If a chatbot’s feedback manifested any of the aforementioned infractions, it was labeled as incorrect, with the specific type of error documented. To assess the consistency of the evaluations, a k-pass voting method was also applied. Specifically, a case was deemed accurately categorized if it met the criteria in a minimum of 4 out of the 6 runs.

Statistical Analyses

The accuracy of the patient-level RADS categorization and overall rating for each chatbot was compared using the chi-square test. The agreement across the 6 repeated runs was assessed using Fleiss κ. Agreement strength was interpreted as follows: <0 signified poor, 0-0.20 indicated slight, 0.21-0.40 represented fair, 0.41-0.60 was interpreted as moderate, 0.61-0.80 denoted substantial, and 0.81-1 was characterized as almost perfect. Statistical significance was defined as 2-sided P<.05. All analyses were performed using R statistical software (version 4.1.2; The R Foundation).
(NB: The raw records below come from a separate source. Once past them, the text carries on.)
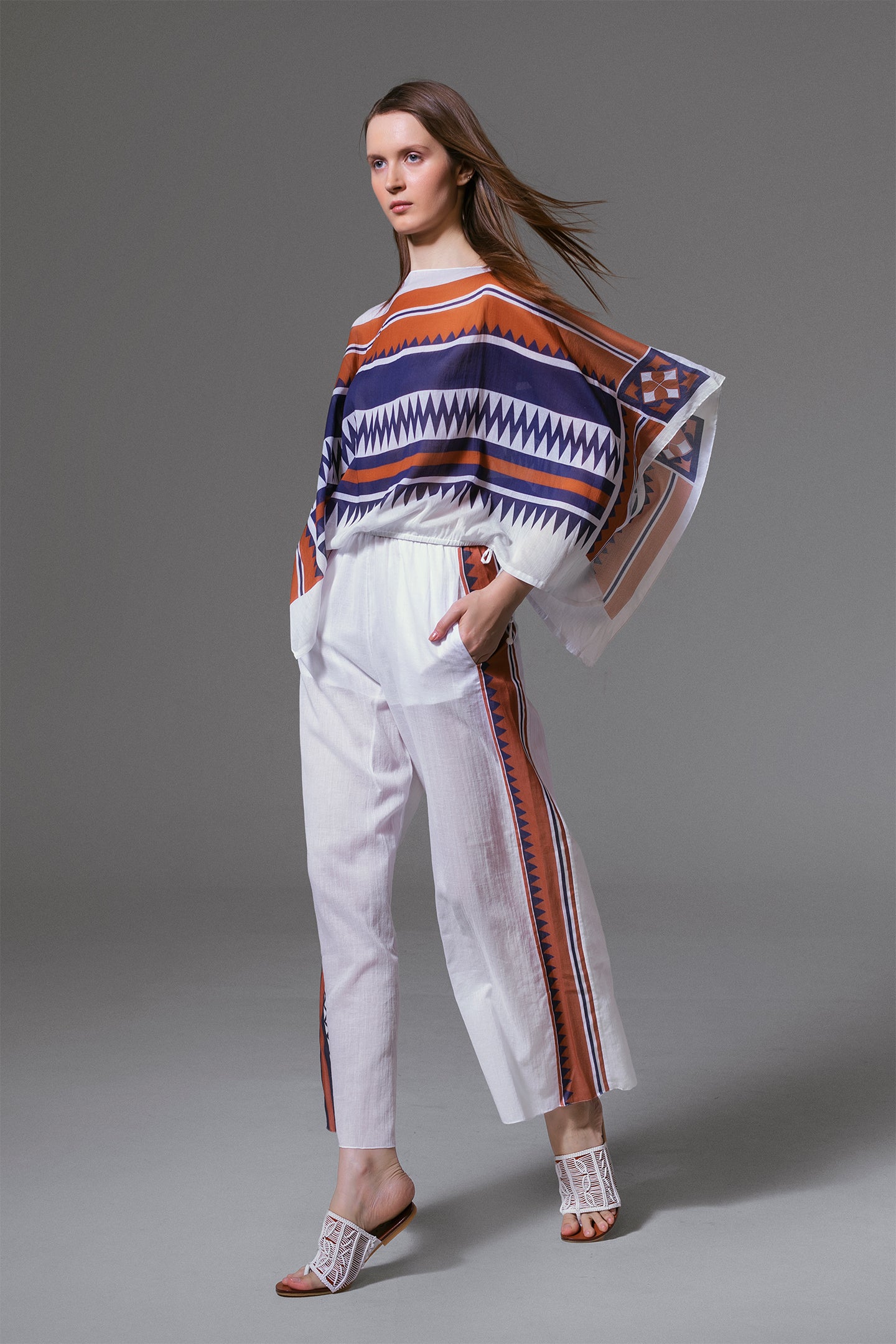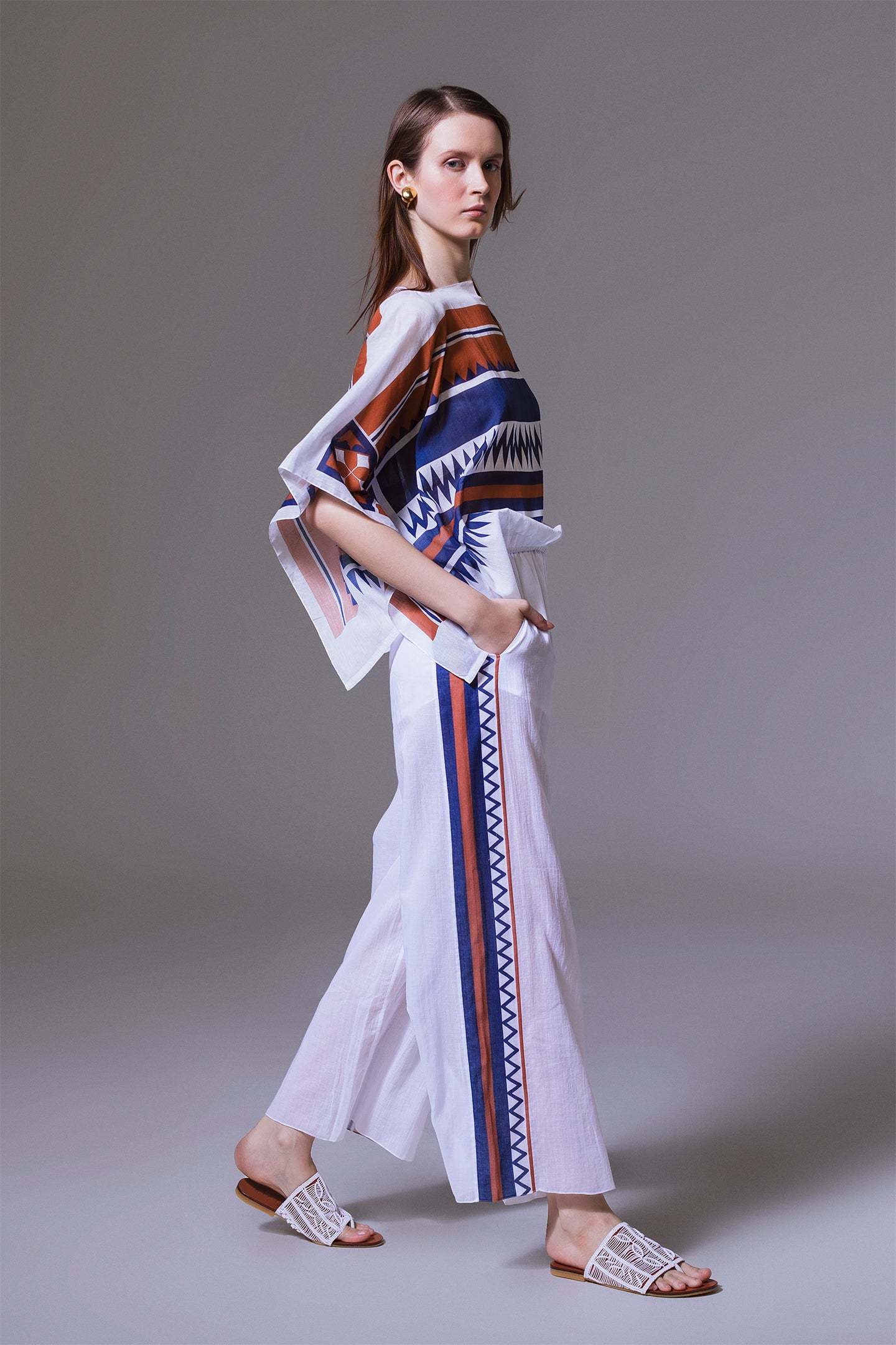 Clean lines meet subtle detailing in these straight-cut cotton pants. The relaxed silhouette is finished with side welt pockets and an inner drawstring at the elasticated waist for added comfort. African-inspired print patches run along both side seams, bringing a graphic accent to the crisp white base. Lightweight and slightly sheer, the design remains breathable with a short inner lining.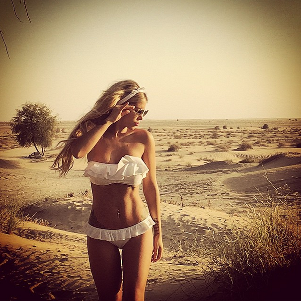 En esta oportunidad se trata de dos estáticas posando en el desierto, eso sí, una es menos sensual que la otra debido a un particular percance.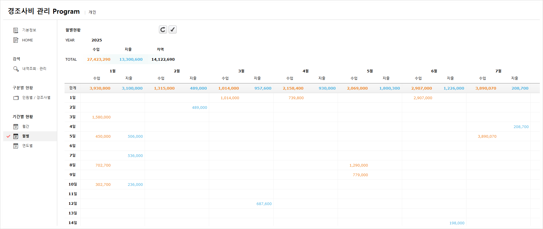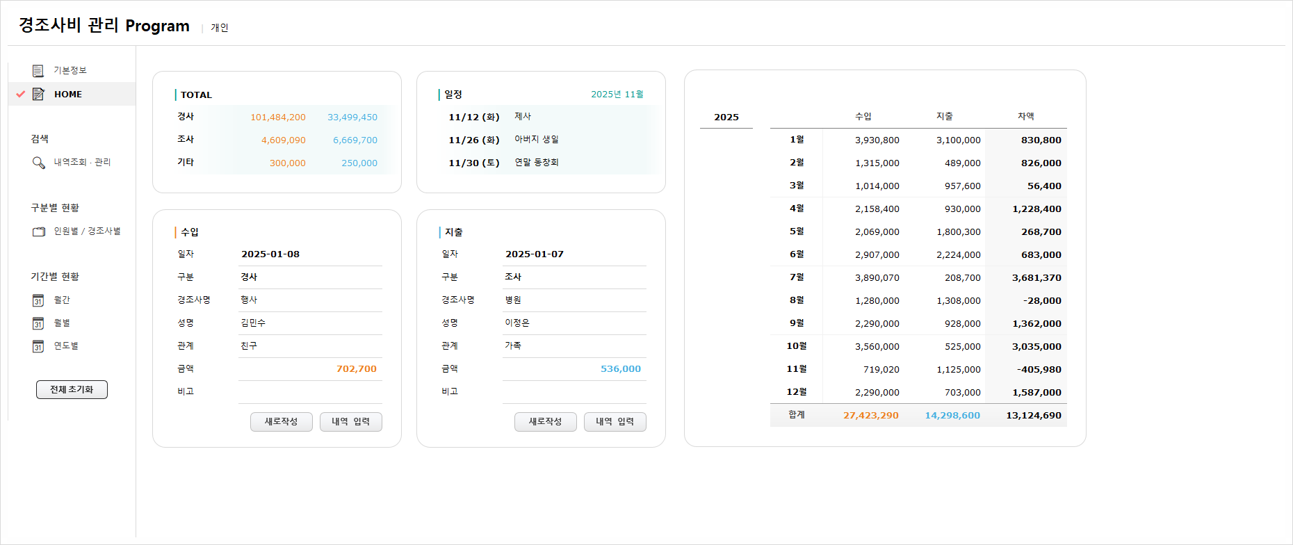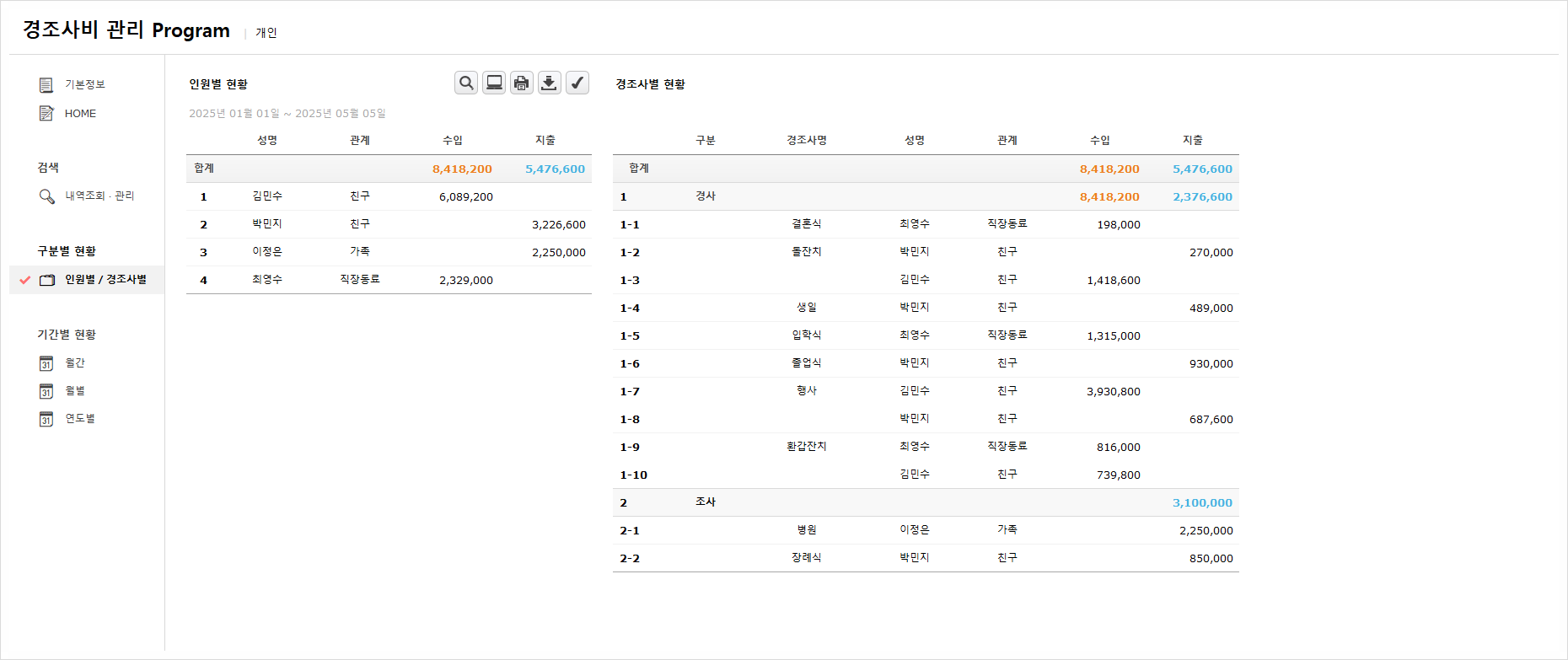 업그레이드 된 기능을 통해 당월 경조사 일정을 실시간으로 조회할 수 있으며 각종 경조사 수입/지출내역을 관리할 수 있습니다. 인원별 사용내역 입력이 가능하며, 일자 · 사용자 등 각종 설정
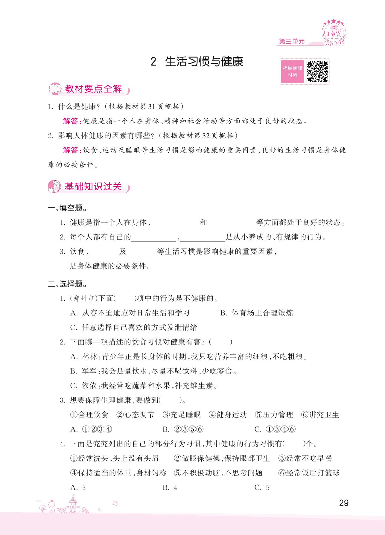 2022上册五年级科学大象版 第三单元 健康成长——2 生活习惯与健康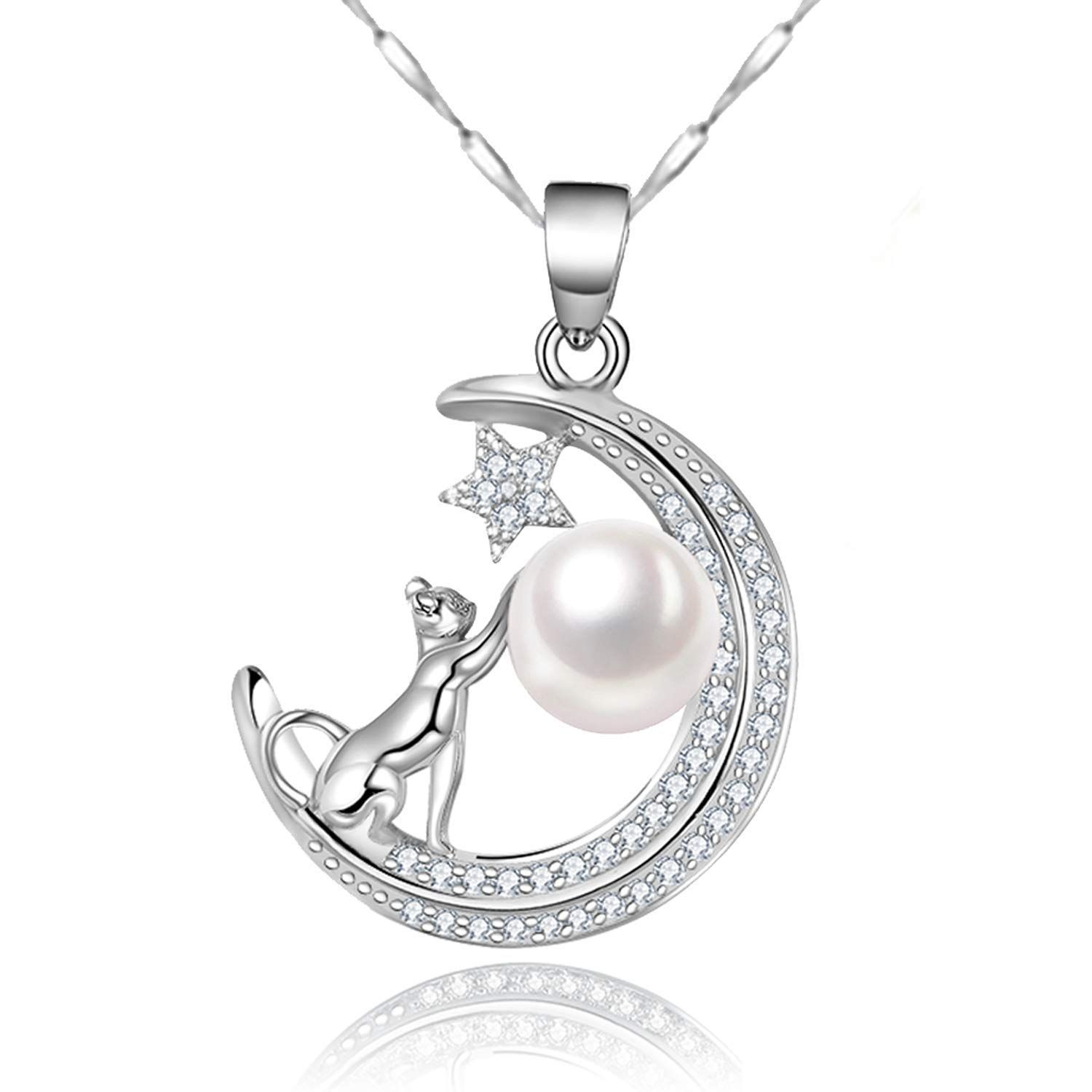 数量 ブランド 三日月 プレゼント女性 パール ネコ 彼女 レディース 母親 ネックレス ギフトボックス付き シルバー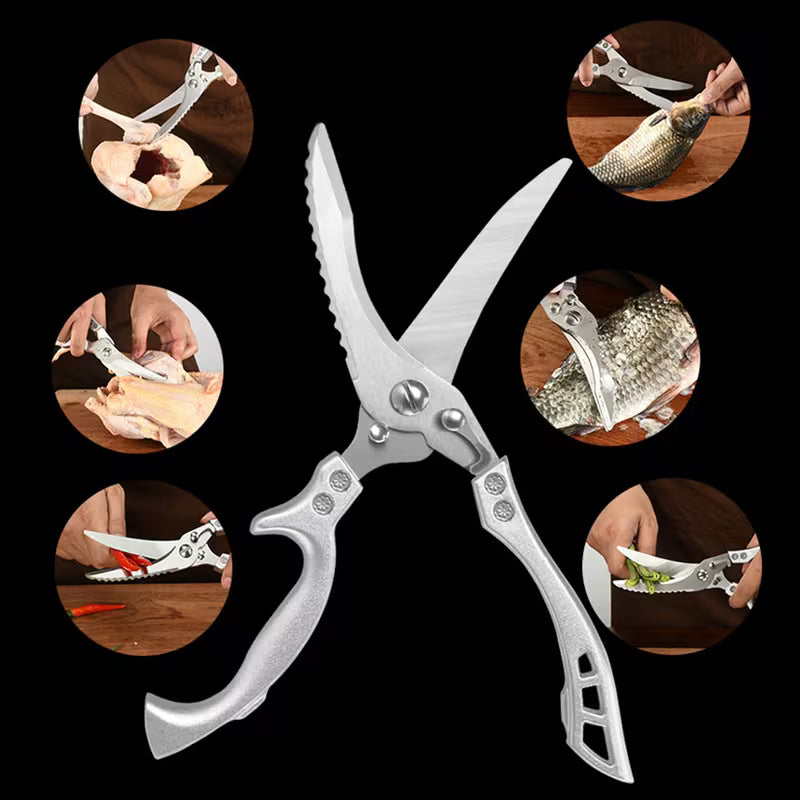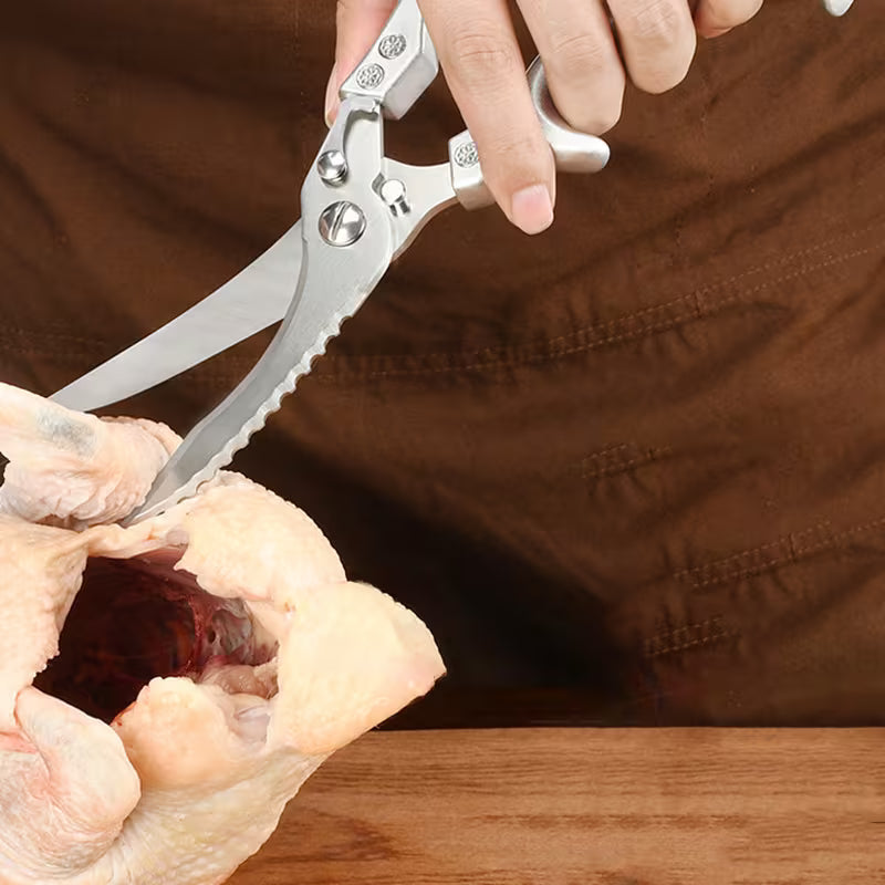 هذا المقص الفولاذي مثالي لتقطيع الدواجن، اللحوم، والخضروات بكل سهولة بفضل شفراته

Results Performance of Chatbots

The performance of chatbots is shown in Figure 2 and Tables 1 and 2, with the links to case-level details provided in Multimedia Appendix 4. For the overall rating (Table 1, average row and Figure 2A), Claude-2 with prompt-2 demonstrated significantly higher average accuracy across the 30 cases than Claude-2 with prompt-0 (odds ratio [OR] 8.16; P<.001). GPT-4 with prompt-2 also showed improved average accuracy compared with GPT-4 with prompt-0, but the difference was not statistically significant (OR 3.19; P=.13). When using the k-pass voting method (Table 1, k-pass voting row), Claude-2 with prompt-2 had significantly higher accuracy than Claude-2 with prompt-0 (OR 8.65; P=.002). Similarly, GPT-4 with prompt-2 was significantly more accurate than GPT-4 with prompt-0 (OR 11.98; P=.01). For the exact assignment of the patient-level RADS categorization (Table 2, average row and Figure 2B), Claude-2 with Prompt-2 showed significantly more average accuracy than Claude-2 with prompt-0 (P=.04).

Figure 2

Bar graphs show the comparison of chatbot performance across 6 runs regarding (A) overall rating and (B) patient-level Reporting and Data Systems categorization.

Table 1

Correct overall ratings of different chatbots and prompts.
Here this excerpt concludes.